“I personally have always been a big believer in providing as much information as you can to help the public understand what you’re doing, to help the markets understand what you’re doing, and to be accountable to the public for what you’re doing.” Federal Reserve Chairman Ben Bernanke, Press Conference, April 27, 2011.
One of the most attractive features of a free banking environment would be in reducing the power of a secretive government agency. There is a good reason that one of the most well-known books on the Federal Reserve was given the name Secrets of the Temple.
I have some personal experience with this issue and that all came to a head this past week in my Freedom of Information Act (FOIA) case as reported by Dow Jones Newswire (3 June 2011):
A federal appeals court ruled Friday that the Board of Governors of the Federal Reserve System doesn’t have to release records stemming from the 2008 rescue of Bear Stearns.
The U.S. Court of Appeals for the District of Columbia Circuit rejected a Freedom of Information Act lawsuit that sought details of the Fed’s March 2008 decision to authorize an emergency funding arrangement for Bear Stearns through J.P. Morgan Chase & Co. (JPM).
Plaintiff Vern McKinley, a former FDIC official, was seeking details on the Fed’s conclusion that emergency funding for Bear Stearns was necessary because the firm’s collapse would be a contagion on fragile financial markets.
The appeals court said the public release of the information would undermine the ability of the Federal Reserve Board to perform its functions.
“Disclosure of the type of information withheld here, therefore, would impair the Board’s ability to obtain necessary information in the future and could chill the free flow of information between the supervised institutions and the Board and Reserve Banks,” the court said.

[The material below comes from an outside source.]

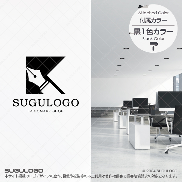 思考を形にする「万年筆のペン先」を、ソリッドな幾何学的背景と融合させた、知性と気品が共鳴するロゴデザインです。確かな言葉を紡ぎ出す「創造性」と、誠実な合意を交わす「契約の信頼性」を象徴しており、深い専門知識で社会を導くプロフェッショナルや、良質なコンテンツを世に送り出すビジネスにふさわしいシンボルマークとなっています。斜めに鋭く配置されたペン先のラインは、組織の「先進的な視点」と「未来を切り拓く力」を強調。クラシックなモチーフを現代的に昇華させた構成は、あらゆるメディアで高い視認性を保ち、洗練されたブランドイメージを視覚的に確立します。一字一行に想いを込め、スマートに新たな文化を構築しようとする姿勢は、組織の結束を深め、揺るぎないブランド価値を築き上げるビジョンを示しています。【おすすめの業種】弁護士・行政書士、出版・編集、ライティング、デザイン事務所

See the court’s full opinion.
For the past two years, with the help of the legal team at Judicial Watch I have been trying to get some basic information on the March 2008 Bear Stearns bailout: essentially what severe consequences would have flowed from allowing Bear Stearns to fail. Although we have found some interesting details, the Fed and the Justice Department have fought us every step of the way regarding full disclosure. The extent of resources the government is willing to put into such a fight is clear from the first page of Judge Henderson’s opinion. You have the two attorneys from Judicial Watch on my side followed by the details of the SEVEN attorneys from the Fed and Justice Department:
Michael Bekesha argued the cause for the appellant. Paul J. Orfanedes was on brief.

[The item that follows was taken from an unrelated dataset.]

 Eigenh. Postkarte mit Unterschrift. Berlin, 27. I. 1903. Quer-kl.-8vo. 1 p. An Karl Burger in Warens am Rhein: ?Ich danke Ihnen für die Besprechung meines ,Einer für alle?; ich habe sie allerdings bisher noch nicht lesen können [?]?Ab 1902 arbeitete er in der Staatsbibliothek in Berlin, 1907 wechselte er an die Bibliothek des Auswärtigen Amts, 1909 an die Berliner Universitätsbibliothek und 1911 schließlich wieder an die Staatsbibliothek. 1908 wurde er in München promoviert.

Samantha L. Chaifetz, Attorney, United States Department of Justice, argued the cause for the appellee. Tony West, Assistant Attorney General, Beth S. Brinkmann, Deputy Assistant Attorney General, Mark B. Stern, Attorney, Katherine H. Wheatley, Associate General Counsel, Board of Governors of the Federal Reserve System, and Yvonne F. Mizusawa, Senior Counsel, were on the brief. R. Craig Lawrence, Assistant United States Attorney, entered an appearance.
My intent here is not to go into great detail on the case, but to highlight the predominant issue as I saw it. As background, in the early briefings for the case we discovered what we thought was a big hole in the Fed’s case. The Federal Reserve Bank of New York is not a government agency and they are thus not subject to FOIA so they cannot be compelled to disclose the details of their operations through FOIA law. But we noticed that the Board of Governors in Washington was invoking various intra-agency and inter-agency exemptions to avoid disclosing communications between Washington and the New York Fed. We thought the Fed in Washington was trying to have it both ways, as in this case they seemed to be treating the New York Fed like a government agency so they could invoke inter-agency exemptions. Obviously, if the New York Fed is not a government agency, then it seemed that these were not inter-agency communications. The Fed did not address this issue in their original brief.
When we made this point, in what might be called a ‘hail mary’ the Fed in Washington responded that the New York Fed was their….’consultant.’ There is under FOIA law what is called the ‘consultant corollary’ which allows for keeping secret ‘intra-agency’ communications between a government agency (the Fed in Washington) and their consultant (the New York Fed in this scenario). Although the idea that the New York Fed, a creature of federal legislation, is anything resembling a consultant (like McKinsey & Co.; Deloitte; Booz Allen Hamilton; or Accenture) is a preposterous notion, the Court of Appeals, seemingly in an effort to defer to the Fed’s wishes on secrecy, bought into the argument.
So the Fed in Washington, enabled by the Obama Justice Department, with all manner of public resources at their disposal and with the agreement of at least one panel of judges on a court of appeals in DC is perpetuating the historical pattern of secrecy at the Fed. I recall that when I began my lawsuit two years ago a former government lawyer colleague of mine, who now works at the Fed in Washington, had an interesting comment upon hearing the story of my lawsuit: “Secretive bastards!” Indeed.